## Assignment
For the entries that follow, restate word for word the line containing "Población veracruzana: #AvisoEspecial", the line containing "Intense Showdown Between", and every line that lies between them.

** Source records follows **

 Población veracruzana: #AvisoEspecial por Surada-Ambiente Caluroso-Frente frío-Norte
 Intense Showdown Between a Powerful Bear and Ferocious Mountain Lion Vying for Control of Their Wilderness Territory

** End of Source records **
** Source records follows **

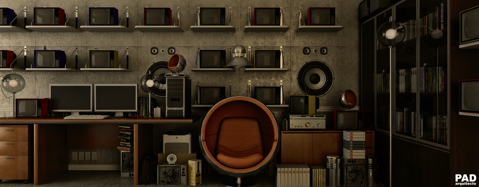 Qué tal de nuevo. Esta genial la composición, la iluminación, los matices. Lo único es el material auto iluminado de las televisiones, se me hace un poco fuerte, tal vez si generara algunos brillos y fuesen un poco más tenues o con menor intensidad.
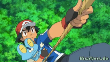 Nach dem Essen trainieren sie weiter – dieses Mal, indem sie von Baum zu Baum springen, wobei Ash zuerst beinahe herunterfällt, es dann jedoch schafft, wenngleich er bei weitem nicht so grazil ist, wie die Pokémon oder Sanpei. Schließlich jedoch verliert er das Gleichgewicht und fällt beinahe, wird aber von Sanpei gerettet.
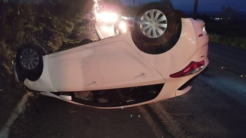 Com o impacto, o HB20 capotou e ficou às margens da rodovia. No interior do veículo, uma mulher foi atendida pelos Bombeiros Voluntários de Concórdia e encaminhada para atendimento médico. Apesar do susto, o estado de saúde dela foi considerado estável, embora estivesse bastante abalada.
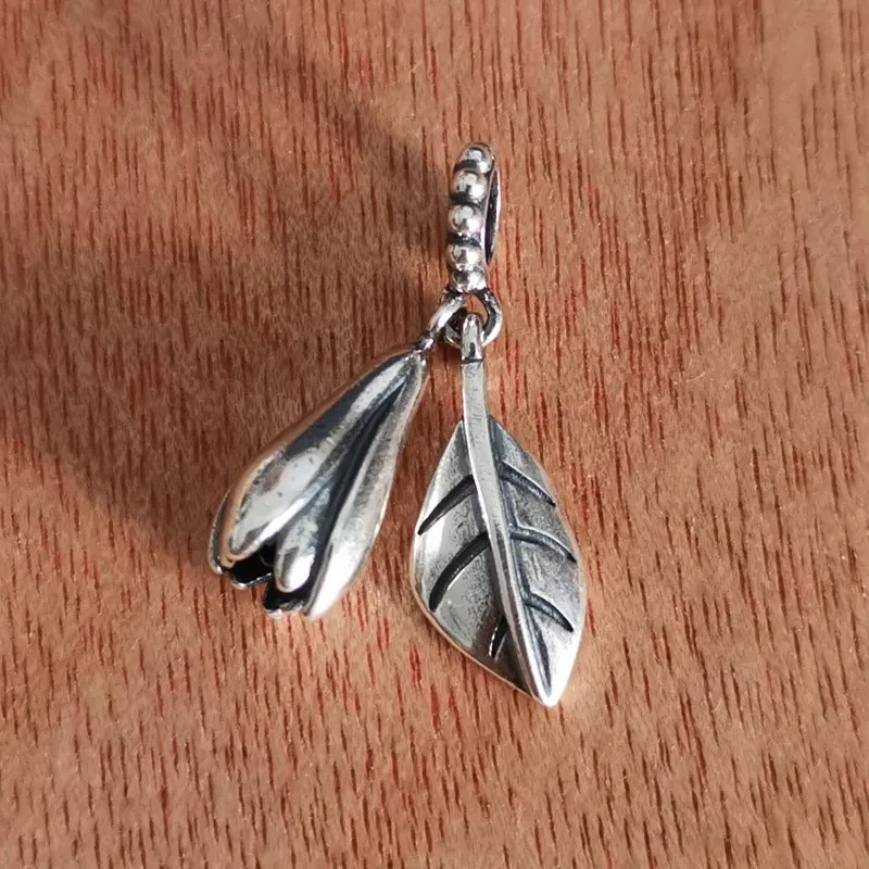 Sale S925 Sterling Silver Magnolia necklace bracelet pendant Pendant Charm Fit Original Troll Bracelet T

** End of Source records **

## Exercise result
 Población veracruzana: #AvisoEspecial por Surada-Ambiente Caluroso-Frente frío-Norte
 Intense Showdown Between a Powerful Bear and Ferocious Mountain Lion Vying for Control of Their Wilderness Territory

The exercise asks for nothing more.